Create a Cloud Run job

This tutorial uses sample code that you can find on GitHub. The deployment script builds a container image to create a Cloud Run job. The script also creates a Cloud Storage bucket. The Cloud Run job reads any event data stored in the Cloud Storage bucket and then prints the event data.

  1. If you are running the deployment script in Cloud Shell, and if the Compute Engine default service account doesn't have the Editor role, grant the following roles on the project to the Compute Engine default service account. (Otherwise, you can skip this step and proceed with cloning the sample app repository in the next step.)

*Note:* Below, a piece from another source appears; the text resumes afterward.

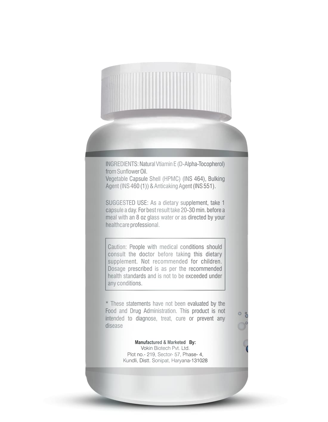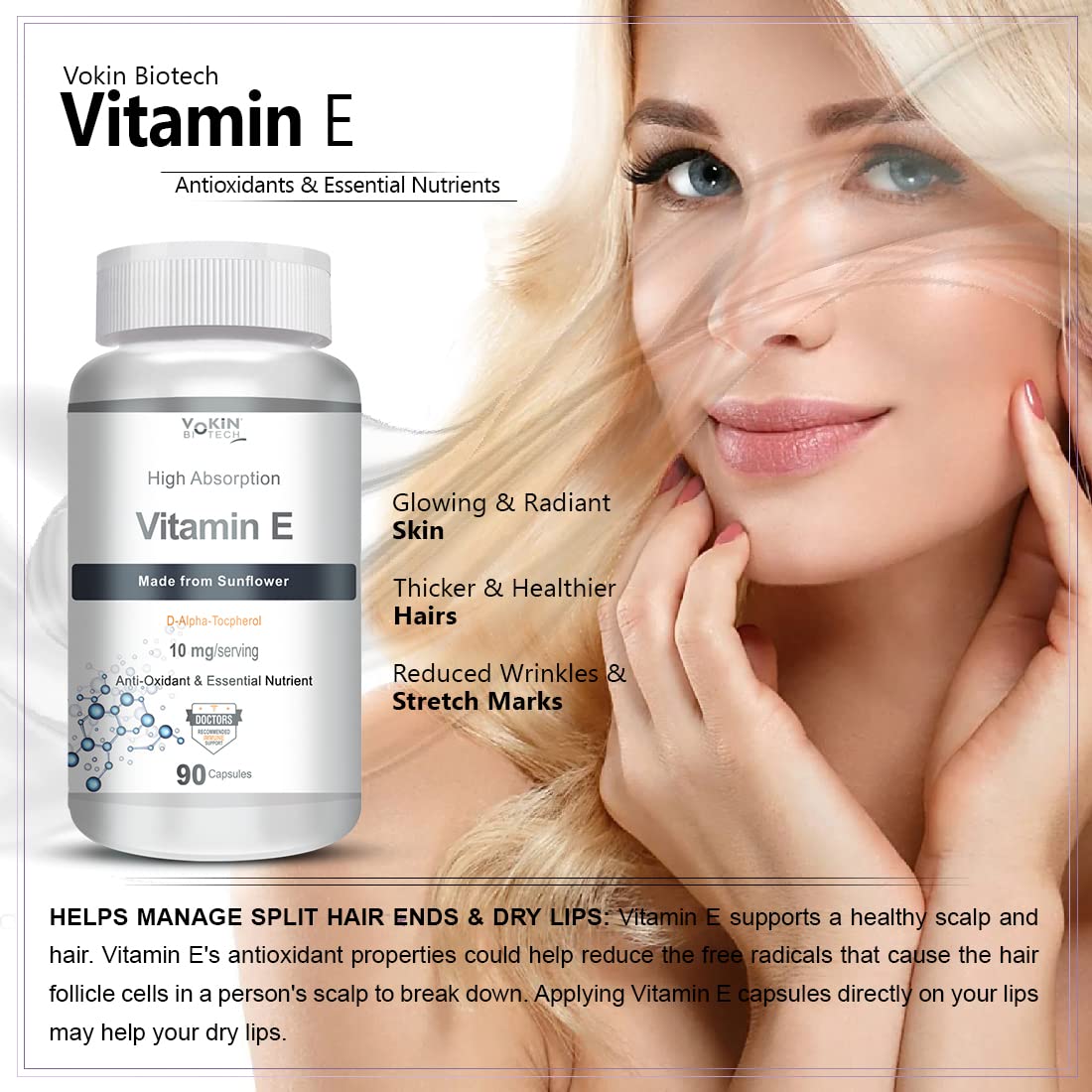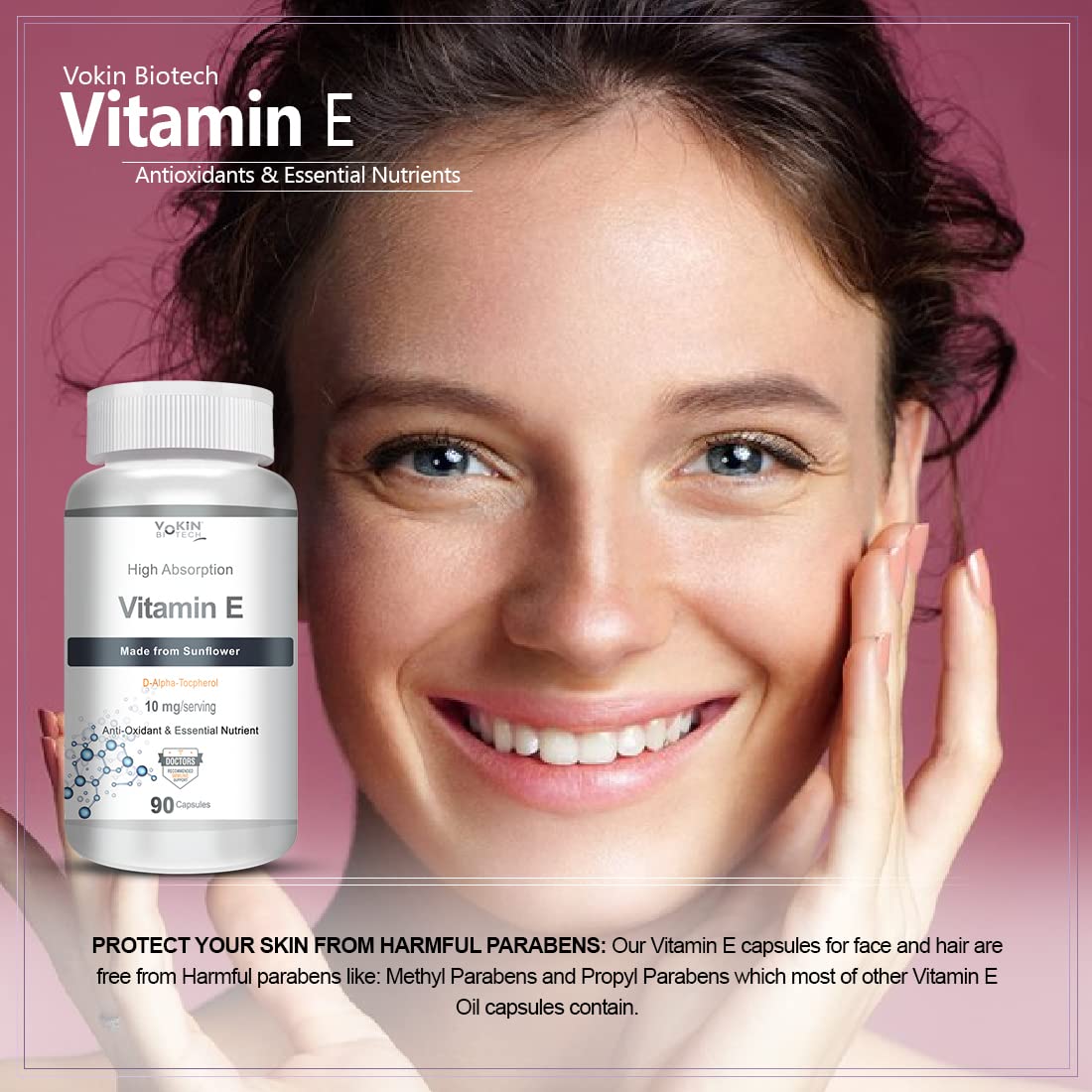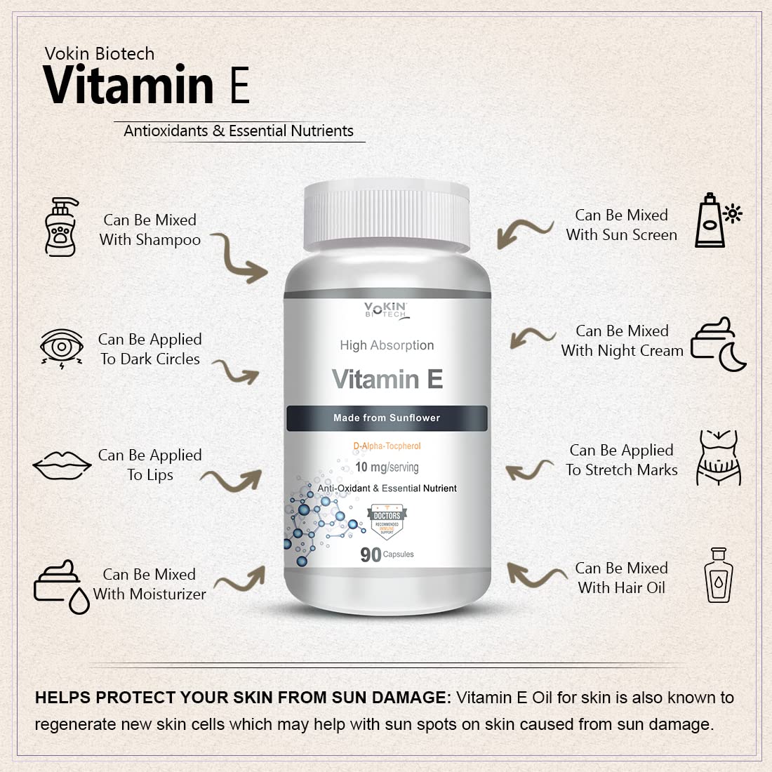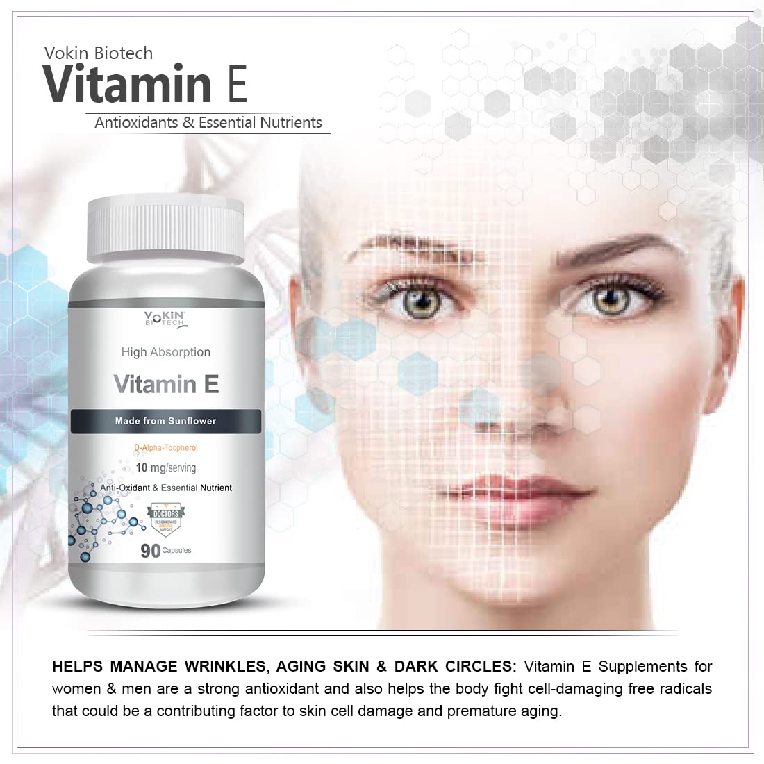 Vokin Biotech Natural Vitamin E from Sunflower - D-Alpha-Tocpherol - 10mg - 90 Capsules

    1. Grant the Artifact Registry Writer role (roles/artifactregistry.writer):

      gcloud projects add-iam-policy-binding PROJECT_ID \
          --member=serviceAccount:PROJECT_NUMBER-compute@developer.gserviceaccount.com \
          --role=roles/artifactregistry.writer

      Replace PROJECT_NUMBER with your Google Cloud project number. You can find your project number on the Welcome page of the Google Cloud console or by running the following command:

      gcloud projects describe PROJECT_ID --format='value(projectNumber)'

    2. Grant the Storage Object User role (roles/storage.objectUser):

      gcloud projects add-iam-policy-binding PROJECT_ID \
          --member=serviceAccount:PROJECT_NUMBER-compute@developer.gserviceaccount.com \
          --role=roles/storage.objectUser
    3. Grant the Logging Logs Writer role (roles/logging.logWriter):

      gcloud projects add-iam-policy-binding PROJECT_ID \
          --member=serviceAccount:PROJECT_NUMBER-compute@developer.gserviceaccount.com \
          --role=roles/logging.logWriter
  2. Get the sample code by cloning the sample app repository to your local machine:

    git clone https://github.com/GoogleCloudPlatform/workflows-demos.git

    Alternatively, you can download the sample as a ZIP file

  3. Change to the directory that contains the sample code:

    cd workflows-demos/cloud-run-jobs-payload-gcs/message-payload-job
  4. Create the Cloud Run job by running the deployment script:

    ./deploy-job.sh

The script creates a Cloud Storage bucket with the name message-payload-PROJECT_ID, where PROJECT_ID is the ID of your Google Cloud project. A Cloud Run job named message-payload-job is also created.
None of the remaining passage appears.